Assignment: Starting at the line containing "Resuming social activities" and ending at the line containing "A lakásban tágas", print every line of the material below exactly, both ends included, and stop there.

Provided material:
════

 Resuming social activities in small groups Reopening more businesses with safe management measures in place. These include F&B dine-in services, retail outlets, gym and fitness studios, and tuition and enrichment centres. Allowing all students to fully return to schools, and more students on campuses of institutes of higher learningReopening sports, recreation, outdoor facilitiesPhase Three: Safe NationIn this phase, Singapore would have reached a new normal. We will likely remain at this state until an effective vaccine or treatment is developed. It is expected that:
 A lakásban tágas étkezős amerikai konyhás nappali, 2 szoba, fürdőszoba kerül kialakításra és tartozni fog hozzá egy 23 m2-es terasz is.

════

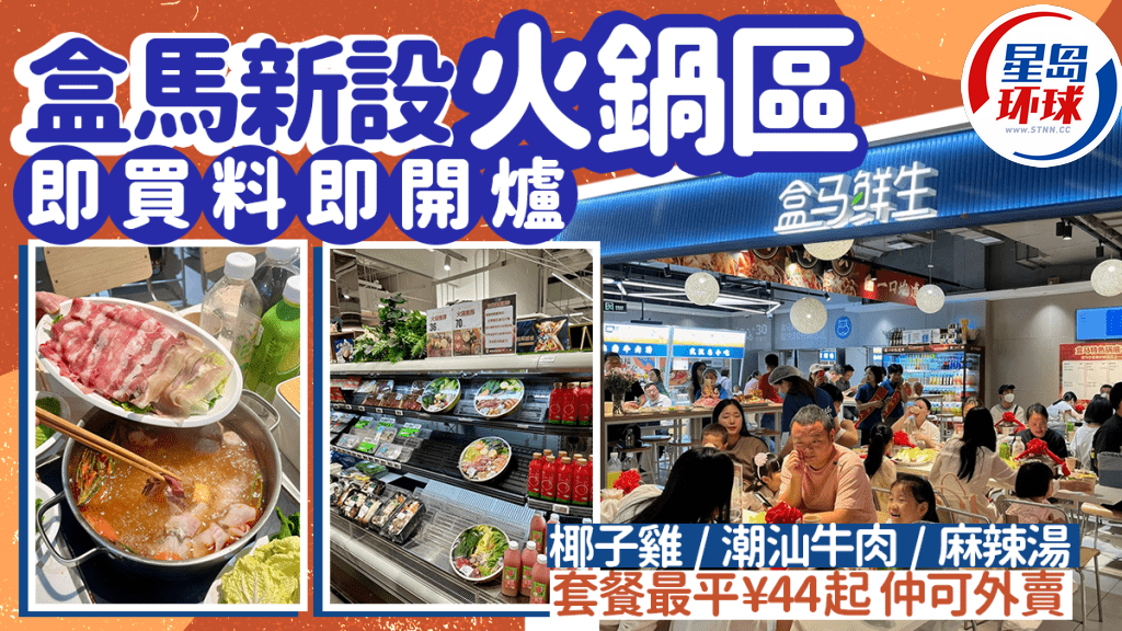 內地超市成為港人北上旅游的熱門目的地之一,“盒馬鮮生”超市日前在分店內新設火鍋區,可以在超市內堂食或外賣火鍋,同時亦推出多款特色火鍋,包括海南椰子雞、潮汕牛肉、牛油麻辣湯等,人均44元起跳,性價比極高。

════

Solution to this problem:
 Resuming social activities in small groups Reopening more businesses with safe management measures in place. These include F&B dine-in services, retail outlets, gym and fitness studios, and tuition and enrichment centres. Allowing all students to fully return to schools, and more students on campuses of institutes of higher learningReopening sports, recreation, outdoor facilitiesPhase Three: Safe NationIn this phase, Singapore would have reached a new normal. We will likely remain at this state until an effective vaccine or treatment is developed. It is expected that:
 A lakásban tágas étkezős amerikai konyhás nappali, 2 szoba, fürdőszoba kerül kialakításra és tartozni fog hozzá egy 23 m2-es terasz is.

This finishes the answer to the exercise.